Seyyid Kutubun Şehadetinin 45. Yılı
"Mü'minlerden öyle adamlar vardır ki, Allah'a verdikleri söz e sadık kaldılar. Onlardan kimi (Allah yolunda şehid edilmek suretiyle) adağını yerine getirdi, kimi de (şehid olmayı) beklemektedir. (Ahidlerinde) hiçbir değişiklik yapmamışlardır"
(Ahzab, 33/23)
Çağına şahitlikte öncü bir şahsiyet olan Seyyid Kutub, 1906 yılında Mısır'ın Asyut kasabasında dünyaya geldi. İlk eğitimini ailesinden alan Kutub, orta okul ve liseyi el-Ezher Üniversitesi'nde tamamladı. Daha sonra Kahire Üniversitesi'nin Darul Ulum fakültesine girdi ve 1933 yılında mezun olduğu fakülteye öğretim görevlisi olarak atandı.
İlk çalışmalarını edebiyat alanında yapan Seyyid Kutub, 1940'lı yıllardan itibaren İslami okumalarını ve araştırmalarını derinleştirmeye başladı. 1946 yılında yayınlanan Konum Dersleri, onun İslam düşüncesiyle irtibatını kuvvetlendirdiğinin önemli bir göstergesi kabul edilir.
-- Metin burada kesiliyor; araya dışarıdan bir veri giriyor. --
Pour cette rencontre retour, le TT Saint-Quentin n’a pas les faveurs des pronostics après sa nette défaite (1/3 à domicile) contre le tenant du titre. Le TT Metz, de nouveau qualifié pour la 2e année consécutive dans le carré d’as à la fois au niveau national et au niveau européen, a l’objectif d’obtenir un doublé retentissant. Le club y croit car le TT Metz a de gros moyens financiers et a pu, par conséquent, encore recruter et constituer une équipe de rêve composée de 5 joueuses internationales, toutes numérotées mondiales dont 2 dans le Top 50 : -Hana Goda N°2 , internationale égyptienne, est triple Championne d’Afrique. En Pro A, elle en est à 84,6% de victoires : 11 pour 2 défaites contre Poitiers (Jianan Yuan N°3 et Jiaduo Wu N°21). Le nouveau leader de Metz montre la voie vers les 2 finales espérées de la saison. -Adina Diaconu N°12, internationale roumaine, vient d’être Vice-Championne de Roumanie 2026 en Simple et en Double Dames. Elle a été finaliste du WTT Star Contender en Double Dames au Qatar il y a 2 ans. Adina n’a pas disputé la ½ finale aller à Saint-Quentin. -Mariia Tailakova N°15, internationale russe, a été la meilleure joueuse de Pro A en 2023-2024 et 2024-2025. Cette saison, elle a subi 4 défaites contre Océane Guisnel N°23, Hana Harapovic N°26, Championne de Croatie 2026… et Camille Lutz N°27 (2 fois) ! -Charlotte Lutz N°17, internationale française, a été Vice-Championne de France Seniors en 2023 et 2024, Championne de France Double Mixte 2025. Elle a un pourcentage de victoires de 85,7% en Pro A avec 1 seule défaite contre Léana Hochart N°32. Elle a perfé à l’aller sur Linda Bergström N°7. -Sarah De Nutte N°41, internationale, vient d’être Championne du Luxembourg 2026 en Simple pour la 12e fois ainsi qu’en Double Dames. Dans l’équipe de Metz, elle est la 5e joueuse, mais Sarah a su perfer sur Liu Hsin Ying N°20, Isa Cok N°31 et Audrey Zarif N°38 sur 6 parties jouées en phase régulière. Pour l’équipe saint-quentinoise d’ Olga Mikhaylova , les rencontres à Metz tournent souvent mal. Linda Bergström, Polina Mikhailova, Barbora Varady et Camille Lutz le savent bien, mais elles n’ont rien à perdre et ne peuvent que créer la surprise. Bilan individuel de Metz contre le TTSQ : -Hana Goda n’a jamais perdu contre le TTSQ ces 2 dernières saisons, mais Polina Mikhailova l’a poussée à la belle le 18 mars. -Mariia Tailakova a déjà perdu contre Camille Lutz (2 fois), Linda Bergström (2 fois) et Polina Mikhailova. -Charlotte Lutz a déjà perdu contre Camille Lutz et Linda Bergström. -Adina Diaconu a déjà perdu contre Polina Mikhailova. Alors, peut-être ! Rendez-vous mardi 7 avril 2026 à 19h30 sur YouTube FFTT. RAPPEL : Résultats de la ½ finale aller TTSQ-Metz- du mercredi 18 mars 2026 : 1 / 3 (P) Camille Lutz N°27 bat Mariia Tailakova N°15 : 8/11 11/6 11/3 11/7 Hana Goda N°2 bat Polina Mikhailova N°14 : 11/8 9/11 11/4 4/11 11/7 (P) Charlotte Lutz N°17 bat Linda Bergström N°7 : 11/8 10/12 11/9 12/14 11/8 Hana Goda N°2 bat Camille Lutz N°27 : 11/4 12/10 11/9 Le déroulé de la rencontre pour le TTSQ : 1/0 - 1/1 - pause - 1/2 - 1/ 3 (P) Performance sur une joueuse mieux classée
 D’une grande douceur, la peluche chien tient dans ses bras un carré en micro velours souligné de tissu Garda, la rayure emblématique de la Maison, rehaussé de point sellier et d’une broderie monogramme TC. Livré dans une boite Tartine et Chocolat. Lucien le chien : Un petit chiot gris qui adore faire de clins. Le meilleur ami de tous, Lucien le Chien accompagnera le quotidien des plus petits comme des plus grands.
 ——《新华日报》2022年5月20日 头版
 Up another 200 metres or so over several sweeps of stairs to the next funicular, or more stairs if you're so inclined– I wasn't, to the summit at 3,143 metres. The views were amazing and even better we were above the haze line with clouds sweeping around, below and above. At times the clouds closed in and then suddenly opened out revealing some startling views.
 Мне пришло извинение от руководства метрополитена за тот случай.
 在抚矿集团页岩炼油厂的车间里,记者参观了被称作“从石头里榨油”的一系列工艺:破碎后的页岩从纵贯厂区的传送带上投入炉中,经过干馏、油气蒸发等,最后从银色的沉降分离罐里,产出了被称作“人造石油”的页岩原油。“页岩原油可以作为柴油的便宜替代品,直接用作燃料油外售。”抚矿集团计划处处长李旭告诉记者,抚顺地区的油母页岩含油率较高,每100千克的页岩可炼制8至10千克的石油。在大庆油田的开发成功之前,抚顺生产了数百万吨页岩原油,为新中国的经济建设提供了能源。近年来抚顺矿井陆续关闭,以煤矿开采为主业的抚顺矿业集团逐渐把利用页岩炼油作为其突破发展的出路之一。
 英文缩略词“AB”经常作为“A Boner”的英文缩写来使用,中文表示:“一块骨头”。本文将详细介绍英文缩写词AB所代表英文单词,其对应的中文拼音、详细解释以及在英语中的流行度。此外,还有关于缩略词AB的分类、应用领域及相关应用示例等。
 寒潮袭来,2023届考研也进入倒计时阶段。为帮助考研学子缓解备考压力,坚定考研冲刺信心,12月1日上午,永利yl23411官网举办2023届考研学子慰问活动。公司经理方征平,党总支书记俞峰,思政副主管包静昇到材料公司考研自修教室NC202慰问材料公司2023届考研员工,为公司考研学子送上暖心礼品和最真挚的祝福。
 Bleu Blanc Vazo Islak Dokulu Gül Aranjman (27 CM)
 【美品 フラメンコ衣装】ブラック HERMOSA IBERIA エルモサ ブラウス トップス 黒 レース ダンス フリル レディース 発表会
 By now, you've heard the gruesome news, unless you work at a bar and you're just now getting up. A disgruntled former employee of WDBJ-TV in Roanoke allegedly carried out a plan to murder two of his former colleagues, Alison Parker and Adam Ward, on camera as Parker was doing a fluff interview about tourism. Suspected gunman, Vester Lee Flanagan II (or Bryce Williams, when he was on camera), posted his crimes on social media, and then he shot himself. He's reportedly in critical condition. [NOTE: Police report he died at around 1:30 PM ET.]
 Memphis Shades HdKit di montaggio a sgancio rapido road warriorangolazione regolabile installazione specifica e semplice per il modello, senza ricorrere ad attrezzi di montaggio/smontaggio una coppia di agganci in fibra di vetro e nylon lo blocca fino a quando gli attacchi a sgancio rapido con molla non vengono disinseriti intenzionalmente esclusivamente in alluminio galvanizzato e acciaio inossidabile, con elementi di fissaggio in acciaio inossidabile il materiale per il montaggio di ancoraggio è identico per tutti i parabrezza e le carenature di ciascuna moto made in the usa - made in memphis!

O bu makalesinde toplumun ıslahının ve Müslümanların bu yönde çalışmasının Kur'an'ın emri olduğunu savunuyor, Mısır'ın o dönemki toplumsal yapısını ve yaşanan ifsadı eleştiriyordu.
1949 yılında sosyoloji doktorası yapmak üzere Amerika Birleşik Devletleri'ne gönderilen Seyyid Kutub, bu süreçte Amerikan hayat tarzını yakından gözlemledi, tanık olduğu ırkçılığı eleştirmiş ve tüketime dayalı Amerikan medeniyetini cahiliye olarak nitelendirdi. Bu tespit, Amerika'yı ileri bir medeniyet modeli olarak kabul edenlerce şaşkınlıkla karşılandı.
Seyyid Kutub bu görüşünü cahiliyeye yüklediği anlamı temellendirerek şöyle savunuyordu: 'İnançta, ibadette, yasama ve yürütmeyle ilgili düzenlemelerde yalnızca Allah'a kulluk etme temeline dayanmayan her toplum cahiliye toplumudur. İnsanların kulla kulluk zilletinden kurtulup, yalnızca Allah'a kulluk etme izzetine kavuştuğu tek örnek toplum tipi ise İslam toplumu'dur.'
1949 yılında İslam'da Sosyal Adalet adlı yeni bir eseri yayımlanan Kutub, bu kitabında da sosyal adaletin ancak İslam'la gerçekleşebileceği fikrini ileri sürüyordu. Amerika'da kaldığı dönemde, önceki yıllardaki eserlerini gözden geçiren ve sanat da dâhil olmak üzere her konuda İslam'ın temel alınması gerektiğini savunmaya başlayan Seyyid Kutub, her türlü cahiliye yozlaşmasından öze, yani Kur'an'a dönerek arınma çabasını sürdürüyor ve bu yolda öğrendiklerini kağıda aktarıyordu.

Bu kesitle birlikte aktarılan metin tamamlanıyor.